He was the Right Man for the Job


No matter what we may think of President Bush, I am proud to say I voted for him twice and I'd probably do it again.  That is not to say I agreed with every decision he made, but at least he made decisions based on strong, honest, conviction.  As an Air Force wife I am thankful for the leadership President Bush gave.  He served our country with strength and integrity when we needed that kind of leadership most.  May history reflect kindly and honestly on his presidency and may God bless George W. Bush and his family in the years to come.

As often the case, seasoned, professional writers often give better voice to my own thoughts and feelings than I can give proper justice.  The following commentary was printed in the Archdiocese of Washington Catholic Standard.  It was written by noted author George Weigel.


Why We Should Thank George W. Bush
GEORGE WEIGEL, Commentary
Published: January 15, 2009

The following is best appreciated if read aloud in the best Irish accent you can manage:

Paddy, the local scoundrel, was dead. The entire population of the village where he spent a lifetime making others miserable attended the funeral Mass—some, doubtless, to make sure he was really gone. Knowing the congregation’s sentiments, the wise old pastor said to his people, before the final commendation, “Now, dear brother and sisters, before we commit our brother to the sod, it would be an act of charity if one of you were to come forward and say a good word about ‘im.” No one moved. “Come, now, brothers and sisters,” the pastor pleaded, “surely there’s someone who can say a good word for the man.” Total silence. “My dear people, I’ll be tellin’ the sacristan to lock the door in a minute, and not a one of you’s goin’ to leave this church until someone comes forward to say a good word for this departed brother.” Finally, an ancient villager got up, shuffled to the side of the casket, turned his back to the pastor, and said in a clear voice, “I think his brother was even worse. ”

As he leaves office, George W. Bush could be forgiven for feeling like Paddy, were he a man given to self-pity. Happily, he isn’t. And it’s emphatically not in the spirit of, “Well, James J. Buchanan and Herbert Hoover were even worse” that I should like to praise President Bush at the end of his two terms. For what, you ask? For many things that ought to count for Catholics.

I should like to praise him for his steadfast support of the pro-life cause, domestically and internationally. Thanks to President Bush, we have two more Supreme Court justices who likely know that Roe v.
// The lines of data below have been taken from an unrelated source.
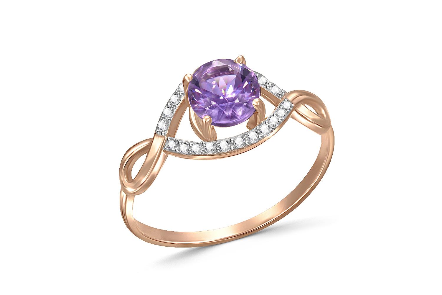 Закажите Кольцо из красного золота с аметистом и 22 фианитами с получением в Москве через курьерскую службу доставки напрямую с нашего производственного склада завода NEWGOLD!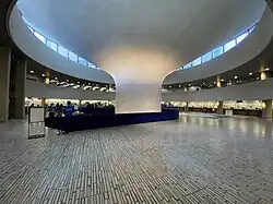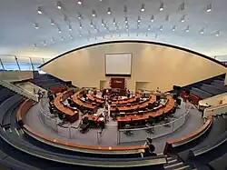The city council chambers is a semi-circular room located on the second floor supported by a single massive column below. On the main level of the chambers are the seats for the 25 members of Toronto City Council, arranged in a semi-circle.[44] To absorb sound, the chamber is carpeted and the ceiling is sound-dampened using carpet fibres. The ceiling weighs 2,000 tonnes (2,000 long tons; 2,200 short tons) of poured concrete. During construction, it took 40 days to dry.[44] The chamber is supported by a single column of concrete below, visible from the first floor of the podium.[44]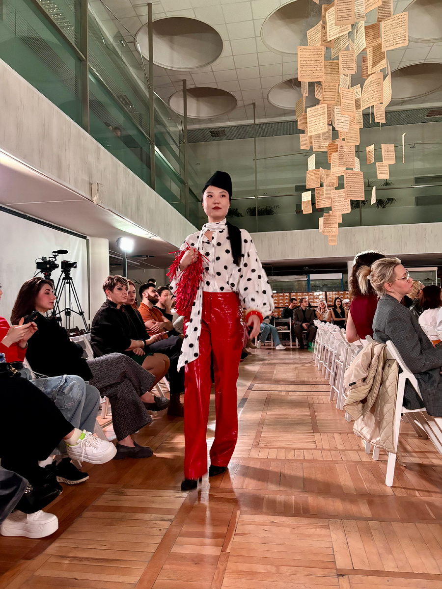 Я наслаждалась тем, как ткани взаимодействуют с пространством: строгая геометрия библиотечных стеллажей вдруг становилась мягче, когда мимо проплывало платье из струящегося шёлка. Каждая коллекция была не просто набором вещей — это были высказывания. И библиотека, хранящая тысячи высказываний на бумаге, стала для них идеальным резонатором.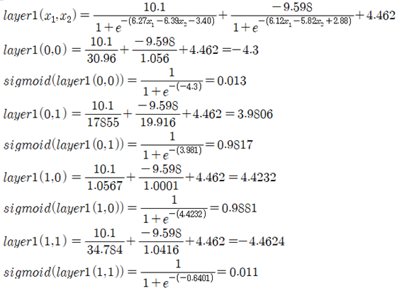 위에 주어진 결과표를 사용하여 이 2개의 수식을 다음과 같이 정리하고 4개의 입력 데이터 [0.0],[1,0],[0,1],[1,1]에 대하여 수계산을 해 본 결과 xor_nn_01.py 코드에 의한 계산 결과와 잘 일치함을 확인할 수 있다.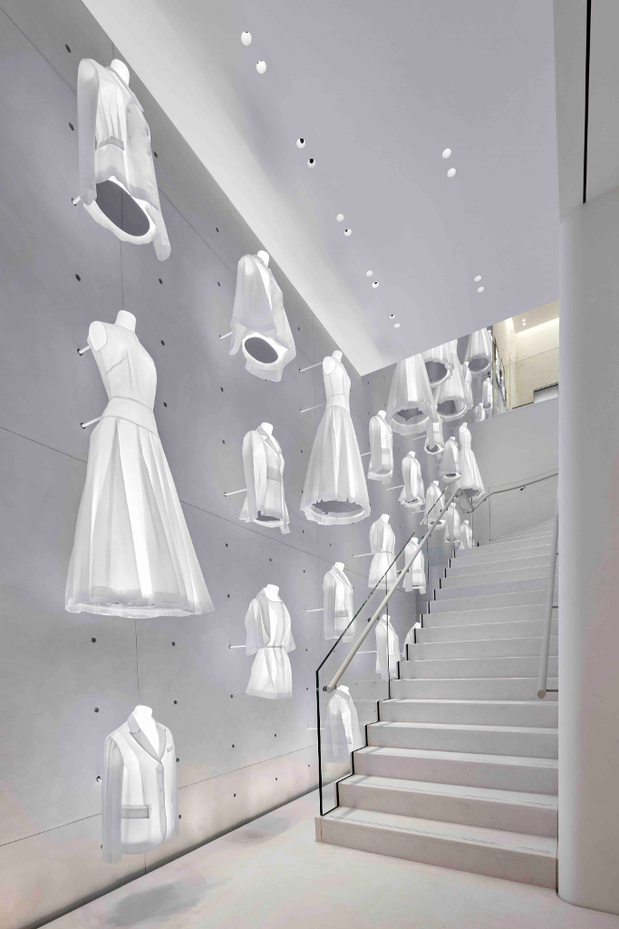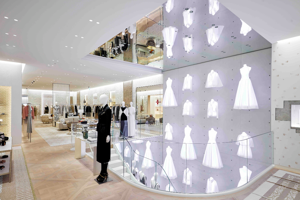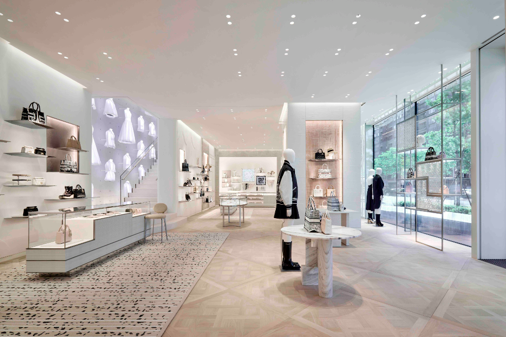 店裝空間揉合品牌歷史與超現代精緻風格,輔以Dior符碼與風格進行昇華,例如凡爾賽宮的木鑲地板與彰顯著品牌底蘊的高級訂製工坊打造的純白胚布裝飾著一路延展至二樓的旋轉樓梯,這些巧思都是向品牌位於巴黎蒙田大道30號總店致敬的設計。淡雅色調營造明亮且溫暖氛圍,佐以柔和的白、奶油白與灰色調家具,結合大膽與細緻精神。
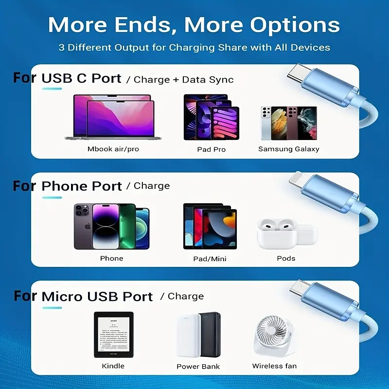 Why Choose 3 In 1 Design For Mac 120W USB C Multi speedy Charging Cable 3in1 Multiple Phone Charger Cable USB C Multi Cable With Type C/Micro USB/IP For Samsung S23 S22 S21 For IPhone 14 13 12 11 X XS 8 7 Pad?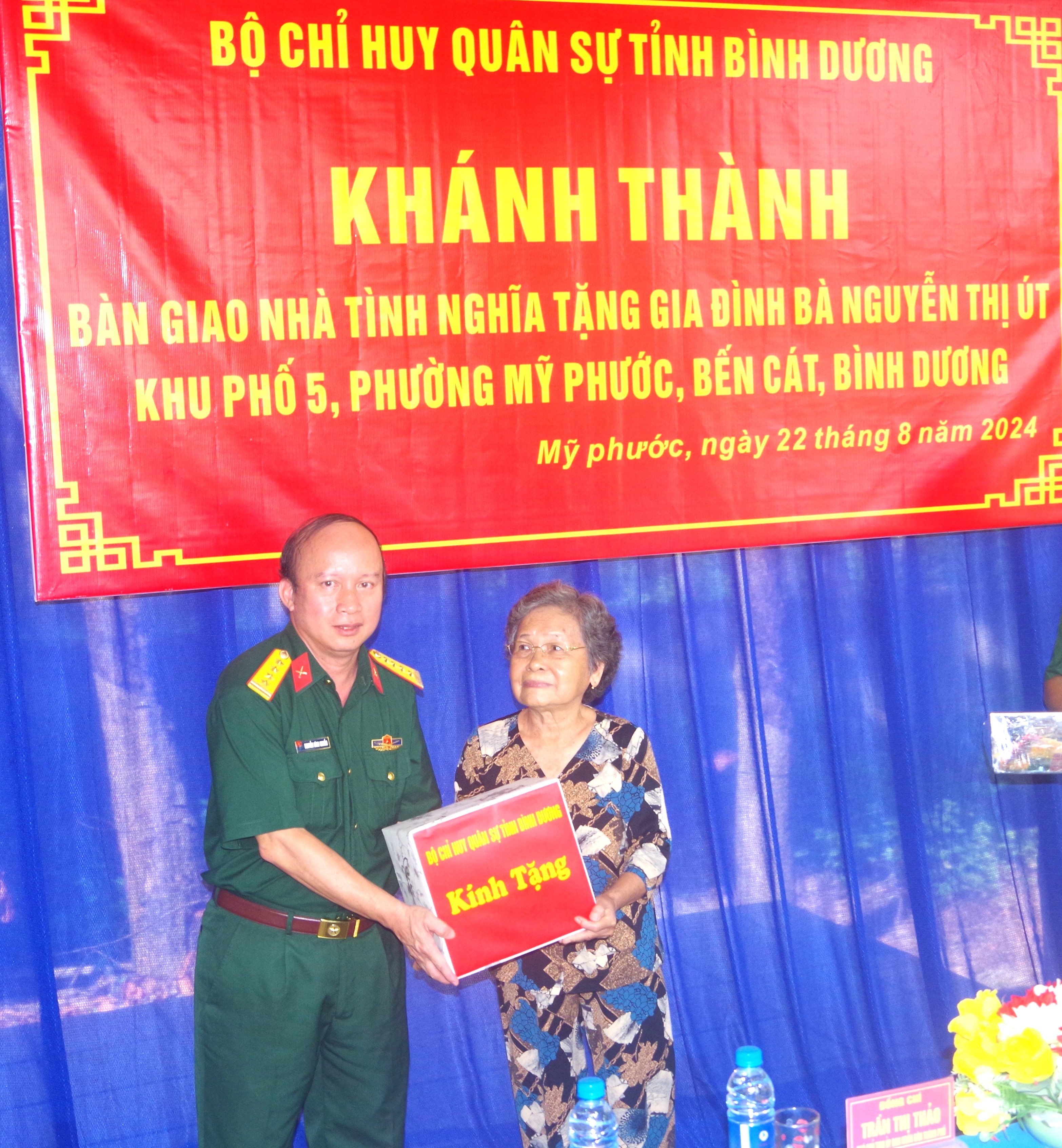 Phát biểu tại lễ khánh thành và bàn giao nhà, Đại tá Nguyễn Đình Chuẩn, Chính ủy Bộ CHQS tỉnh Bình Dương chúc mừng gia đình bà Nguyễn Thị Út đón nhận niềm vui được ở trong ngôi nhà mới khang trang, chắc chắn, góp phần giúp gia đình bà có điều kiện tốt hơn chăm lo sức khỏe bản thân. Đại tá Nguyễn Đình Chuẩn, cho biết: Việc xây dựng “Nhà tình nghĩa” tặng các gia đình chính sách là hoạt động thiết thực, ý nghĩa, thể hiện truyền thống, đạo lý “Uống nước nhớ nguồn”, “Ăn quả nhớ người trồng cây” và tình cảm, nghĩa cử cao đẹp “Bộ đội Cụ Hồ”, góp phần bảo đảm an sinh xã hội, xây dựng nông thôn mới, tạo động lực để các hộ gia đình có thêm điều kiện lao động sản xuất, vươn lên trong cuộc sống.

Wade was terrible constitutional judging, and dozens more federal district court and appellate court judges with similar convictions. Thanks to President Bush, the U.S. government drew an important moral line in stem cell research, even as the administration accelerated bioethically sound research strategies that have produced real results. Internationally, the Bush administration stood firm against the Gadarene rush to use international law to declare abortion an international human right and a necessary component of the emancipation of women; as one senior Vatican official put it to me, a year ago, “We know we’re never going to have another American administration as supportive of our core issues as the Bush administration has been.”
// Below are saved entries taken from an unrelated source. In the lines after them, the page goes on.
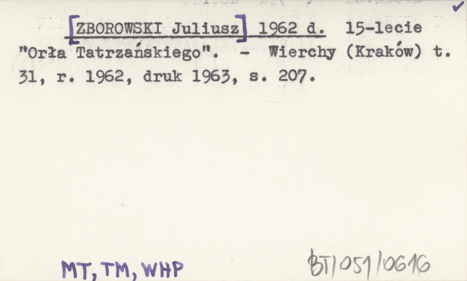 [ZBOROWSKI Juliusz] 1962 d 15-lecie "Orła Tatrzańskiego".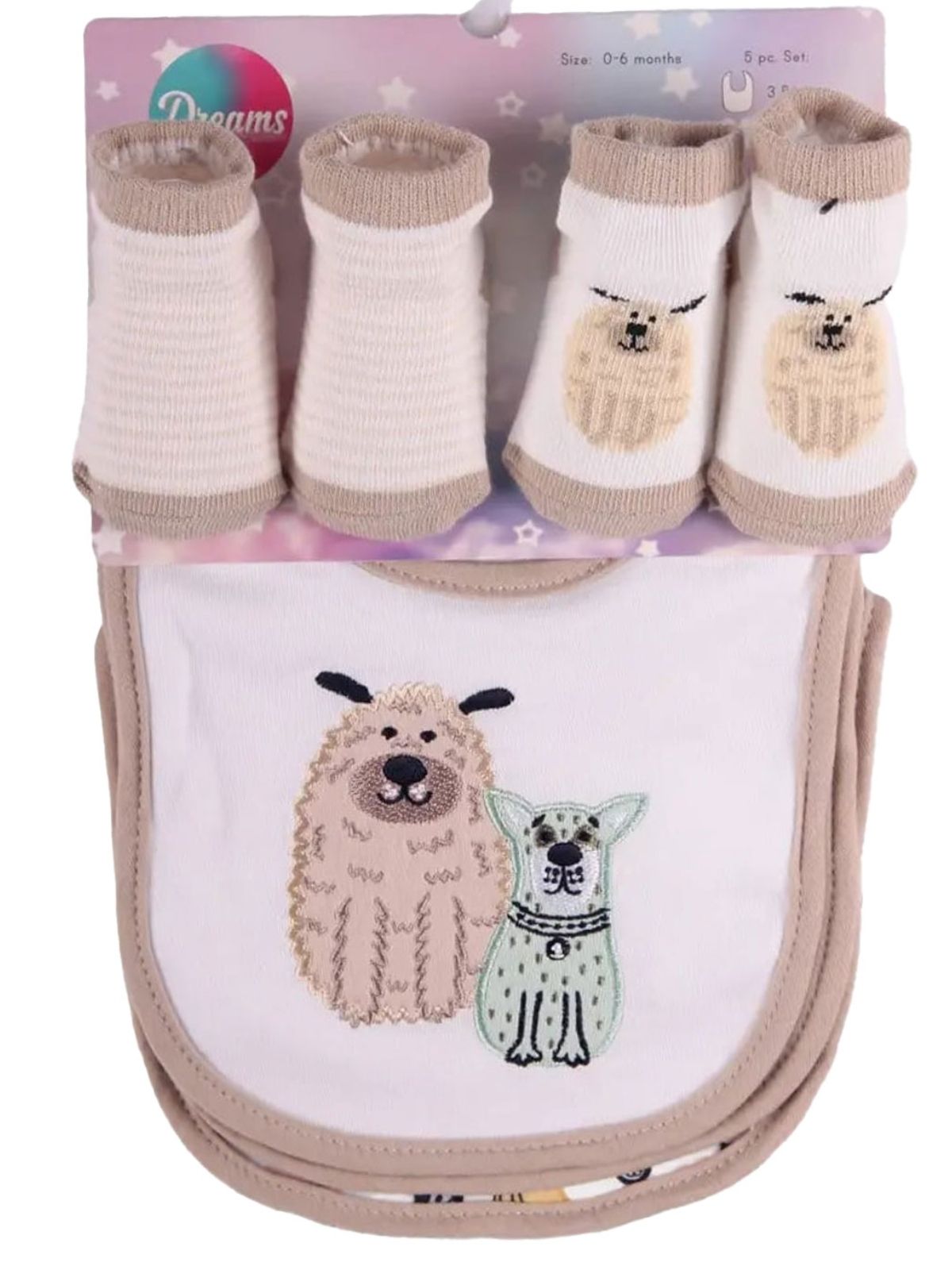 Βρεφικό πακέτο 3 σαλιάρες και 2 ζευγάρια κάλτσες καφέ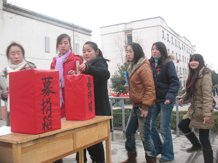 本次活动中,我院所有爱心人士伸出了援助之手。参加此次募捐活动有校学生会、团委、卓越讲师团、艺博文学社、英语俱乐部、绿色环保协会等16个社团参加。同学们纷纷解囊,将自己的爱心投入红色募捐箱。此次活动在我院引起了广泛的关注,将在我院各年级、各班进行募捐活动。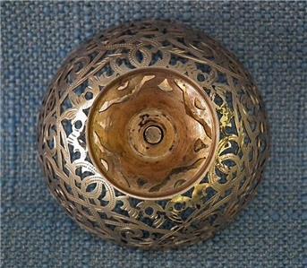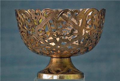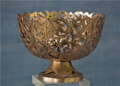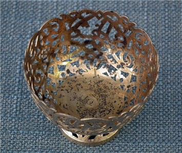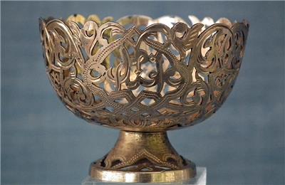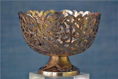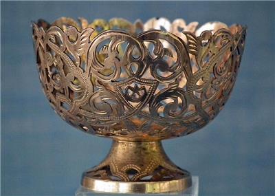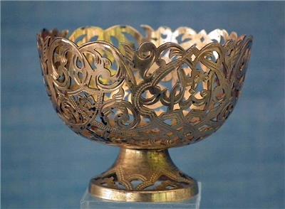 Antique 19th century Turkish Ottoman solid silver gold gilt (unmarked) Islamic coffee cup holder “Zarf” of broad bowl and a low splayed foot, pierced and engraved in the lace form pattern with garlands of foliate motifs, three crescent moons with stars and two scripts in Arabic calligraphy.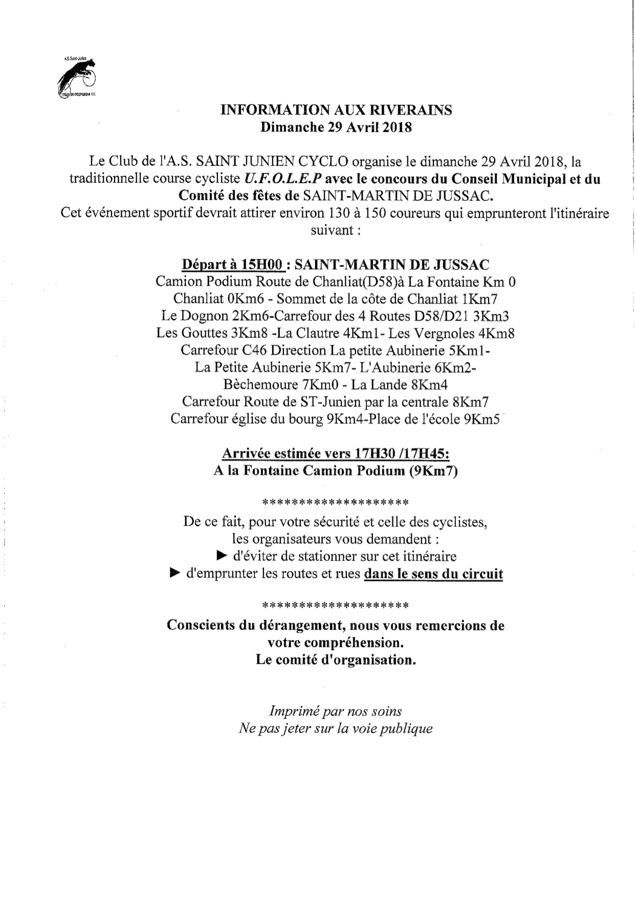 course cyclo 29 avril 2018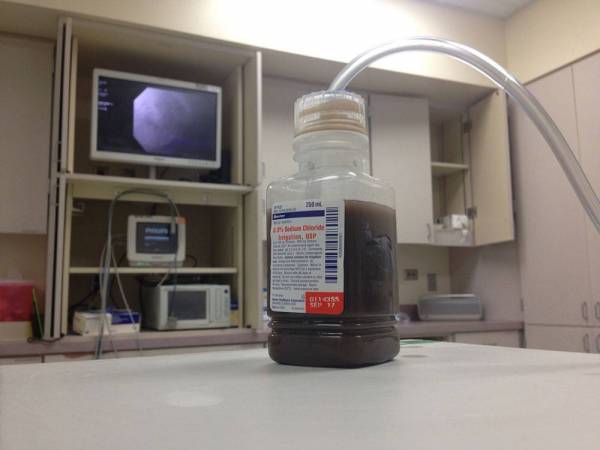 In the hospital operating room, Kidwell lay anesthetized while Fischer inserted a colonoscope and worked her way to the end of Kidwell's colon. Sitting behind her, connected to a pump, was a plastic bottle full of brown goo—the donor stool. Once Fischer reached the end of Kidwell's bowel, the pump was switched on and the bottle steadily emptied. It had been filtered and liquefied, but the poo was still full of helpful bacteria, the kind Kidwell needs to crowd out the harmful C-diff.

I should like to praise the president for his work to rid Africa of the plagues of AIDS and malari a and to relieve the suffering of those afflicted with those awful diseases. George W. Bush may be an object of ridicule in certain U.S. zip codes; he is the subject of veneration among those in the “bottom billion” whose lives his policies have saved or enhanced.

I should like to thank the president for offering Pope Benedict XVI such a warm welcome on the South Lawn of the White House on April 15, 2008—a welcome that ought to have put paid, once and for all, to the notion that there is something incompatible between robust Catholic faith and a mature gratitude for the political miracle of American democracy.

I should like to thank President Bush for his personal decency, manifest in his (unpublicized) personal attention to our wounded and to the families of the fallen; in his refusal to become bitter in the face of outrageous slander; and in his calm amidst tribulations that most of us can’t imagine. I should like to thank him for his unapologetic confession of Christian faith, and for his testimony to the importance that prayer plays in his life. And I should like to thank him for not giving a hoot about the mockery that such a witness draws from a secularized mass media, from American high culture, and from Euro-secularist snobs who spent eight years sneering at the evangelical cowboy in the White House while their continent was dying from spiritual boredom.

Thank you, Mr. President.
George Weigel is distinguished senior fellow of the Ethics and Public Policy Center in Washington, D.C.

Comments

Dawn said…
Excellent article. Thanks for sharing.
I had not seen this article. It's wonderful. My heart broke when he was mocked at the inauguation. I don't agree with each and every decision he made either but I do believe he's a good man who did his best.